• **Work item**: Exactly the lines starting at the line containing "SteamGlide Advanced là" and ending at the line containing "La concentration indique" are to be written out from the listing below, both included.

• **Input**:

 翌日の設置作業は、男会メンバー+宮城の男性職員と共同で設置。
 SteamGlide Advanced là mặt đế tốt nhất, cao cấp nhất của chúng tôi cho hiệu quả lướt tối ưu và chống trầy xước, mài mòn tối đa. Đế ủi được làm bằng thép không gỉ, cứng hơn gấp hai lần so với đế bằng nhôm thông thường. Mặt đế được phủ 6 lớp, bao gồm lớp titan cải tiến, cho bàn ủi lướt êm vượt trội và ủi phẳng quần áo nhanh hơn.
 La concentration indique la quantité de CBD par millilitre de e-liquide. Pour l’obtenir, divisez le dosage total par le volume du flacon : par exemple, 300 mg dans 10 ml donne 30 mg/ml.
--
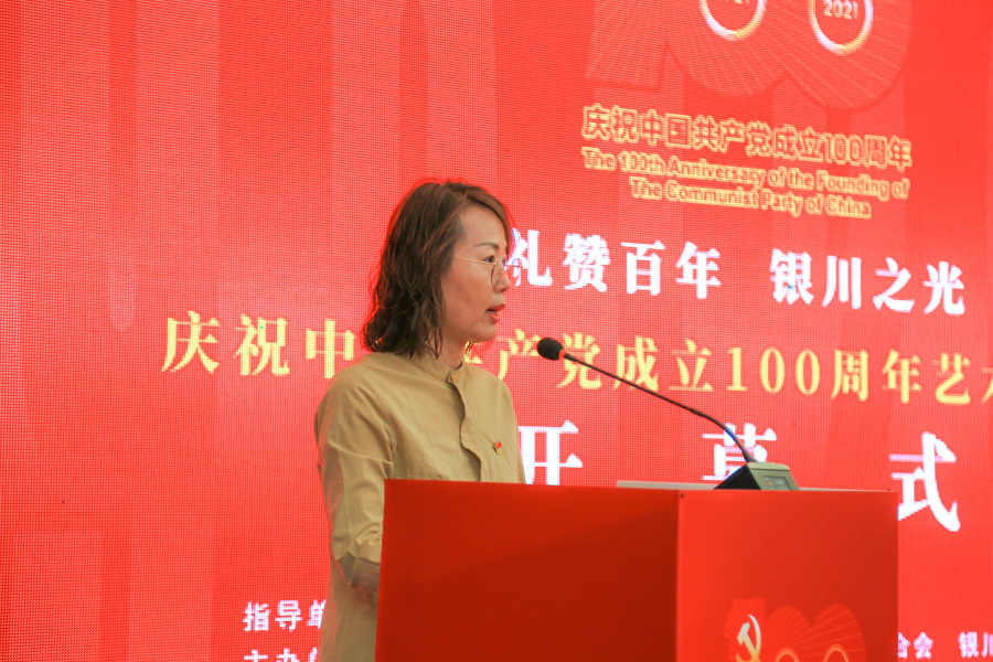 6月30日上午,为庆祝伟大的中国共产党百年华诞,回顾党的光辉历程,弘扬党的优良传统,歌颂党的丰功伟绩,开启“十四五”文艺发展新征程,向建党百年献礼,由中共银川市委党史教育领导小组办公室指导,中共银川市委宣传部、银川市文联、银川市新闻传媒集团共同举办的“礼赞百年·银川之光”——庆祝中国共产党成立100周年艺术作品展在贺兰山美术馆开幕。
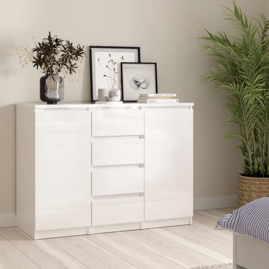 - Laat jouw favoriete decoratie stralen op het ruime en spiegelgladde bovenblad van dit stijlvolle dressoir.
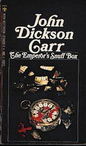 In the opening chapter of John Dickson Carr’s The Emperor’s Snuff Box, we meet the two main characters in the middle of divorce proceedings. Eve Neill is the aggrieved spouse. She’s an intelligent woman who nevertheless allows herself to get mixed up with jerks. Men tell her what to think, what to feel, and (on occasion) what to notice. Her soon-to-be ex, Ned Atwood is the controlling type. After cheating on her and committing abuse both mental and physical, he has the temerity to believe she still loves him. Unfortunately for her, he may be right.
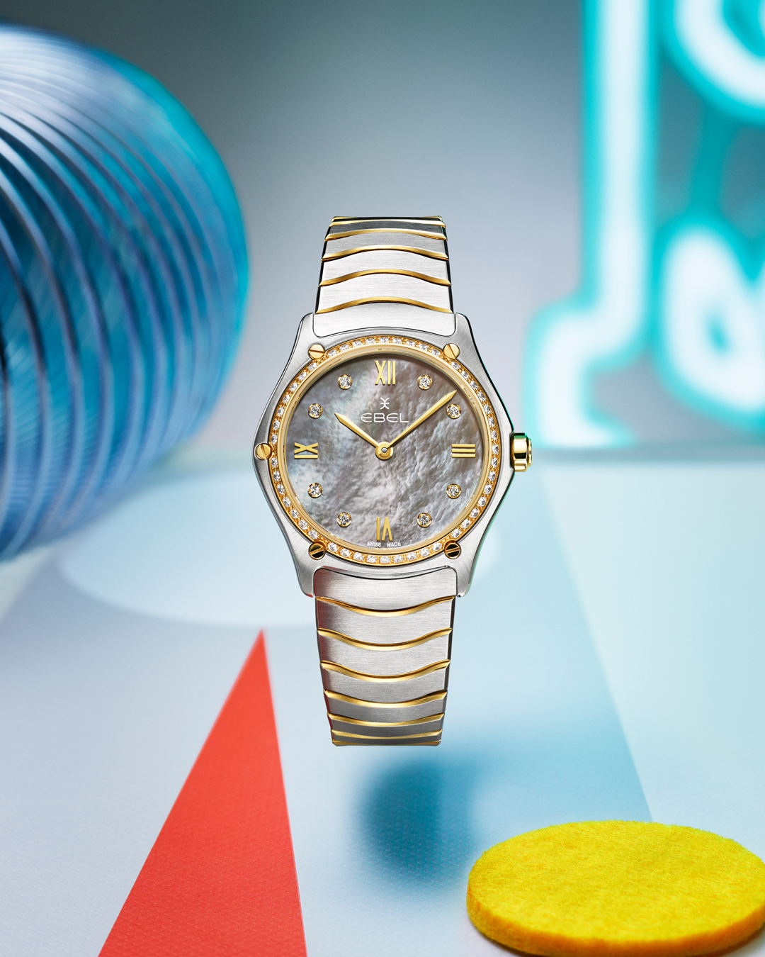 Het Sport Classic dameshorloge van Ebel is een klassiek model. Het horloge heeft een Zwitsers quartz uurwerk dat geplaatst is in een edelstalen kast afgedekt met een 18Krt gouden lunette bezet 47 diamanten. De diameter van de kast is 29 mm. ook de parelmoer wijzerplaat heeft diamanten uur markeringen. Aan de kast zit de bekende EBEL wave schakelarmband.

• **Answer below**:
 SteamGlide Advanced là mặt đế tốt nhất, cao cấp nhất của chúng tôi cho hiệu quả lướt tối ưu và chống trầy xước, mài mòn tối đa. Đế ủi được làm bằng thép không gỉ, cứng hơn gấp hai lần so với đế bằng nhôm thông thường. Mặt đế được phủ 6 lớp, bao gồm lớp titan cải tiến, cho bàn ủi lướt êm vượt trội và ủi phẳng quần áo nhanh hơn.
 La concentration indique la quantité de CBD par millilitre de e-liquide. Pour l’obtenir, divisez le dosage total par le volume du flacon : par exemple, 300 mg dans 10 ml donne 30 mg/ml.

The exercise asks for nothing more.